Bugün birçok kavramda olduğu gibi zühd kavramında da yanlış bir tanımlama ve asıl manasından uzaklaştırılma durumu söz konusudur. Bugün zühd denildiği zaman maddi açıdan imkânsızlık içinde olup, istese de dünya nimetlerinden faydalanamayacak kimselerin içerisinde bulunduğu hal anlaşılmaktadır. Ancak zühd, maddi imkânlar ile değil kalbin tezkiyesi ile ilgili bir durumdur. Zühd, dünya nimetlerine erişememek değil, kalbin bu nimetlerden gönül hoşnutluğu ile yüz çevirebilmesidir.

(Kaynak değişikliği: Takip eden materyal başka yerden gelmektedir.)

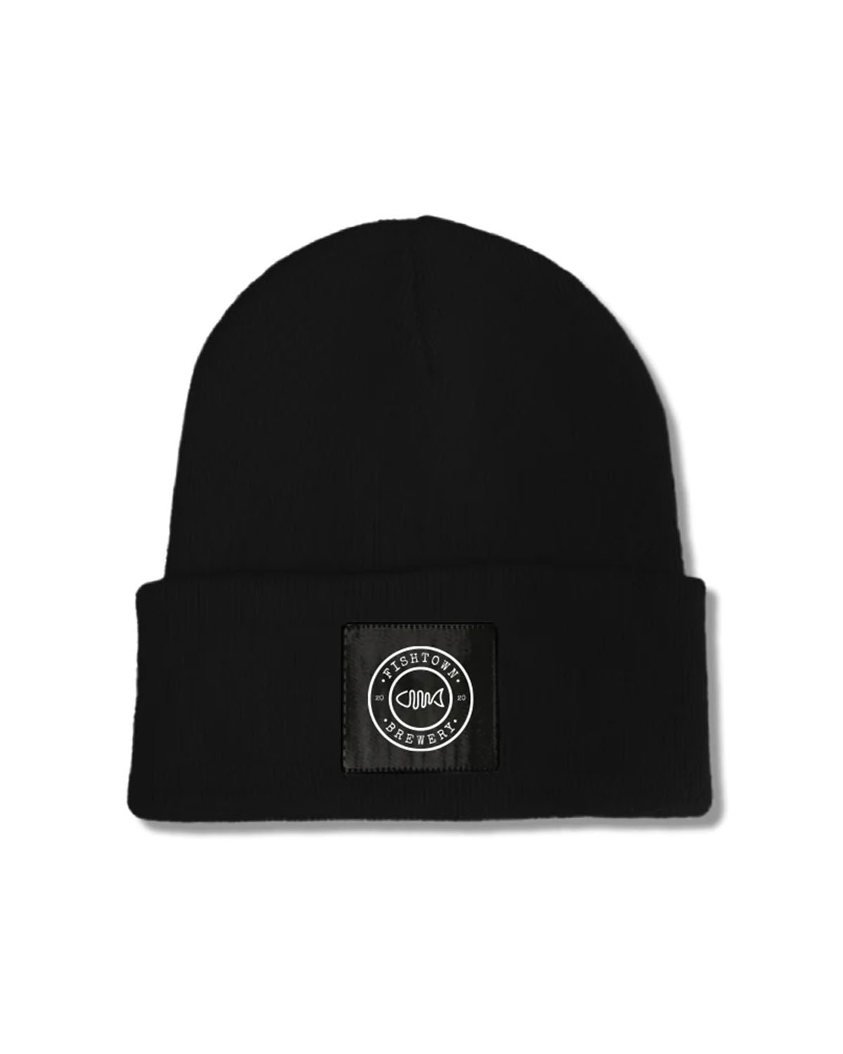Snygg Beanie från Fishtown Brewery med vävd etikett på fronten.

Ümmetine her konuda örnek ve rehber olan Efendimiz Sallallahu Aleyhi ve Sellem insanın dünya içindeki pozisyonunun ne olduğunu ashabı ile yaşadığı manidar bir olay ile çağlar sonrasına izah etmiştir. İbn-i Mes’ud anlatıyor: “Rasulullah’ın yanına girmiştim. O’nu bir hasır örgünün üzerinde uyumuş halde buldum. Hasır, vücudunun açık olan yan taraflarında izler bırakmıştı. ‘Ey Allah’ın Rasülü sana bir yaygı1 kilim temin etsek de hasırın üstüne sersek, onun sertliğine karşı sizi korusa’ dedim. Bunun üzerine Rasulullah ‘Dünya ile benim misalim, bir ağacın altında gölgelenip sonra terk edip giden yolcunun misali gibidir’ buyurdu.”2
Tarihe adını yazdırmış nice büyük isimler vardır ki dünya nimetleri ellerinin altındayken bunlara teveccüh etmemiş; yüzünü asıl yurt olan ahirete, gayretini ise rıza-ı ilahiye çevirmiştir. İsimleri geçtiğinde adeta yıldızların yeryüzüne indiği Ashab-ı Kiram’a ve yeryüzünün en kıymetli zaman dilimi olan Asr-ı Saadete doğru yolculuk yaptığımızda zengin de olsa fakir de olsa kalbinden dünyayı silip atmak sureti ile tebettül makamına ulaşmayı başarabilmenin ne demek olduğunu görebileceğiz. O halde içlerinde zengin olmalarına rağmen mal varlıkları ile değil; Allah yolunda infak etme, tasaddukta bulunma özellikleri ile ön plana çıkan ashabın Allah’tan başkasına rağbet etmemiş hallerinden birkaçını görmeye ve anlamaya çalışalım.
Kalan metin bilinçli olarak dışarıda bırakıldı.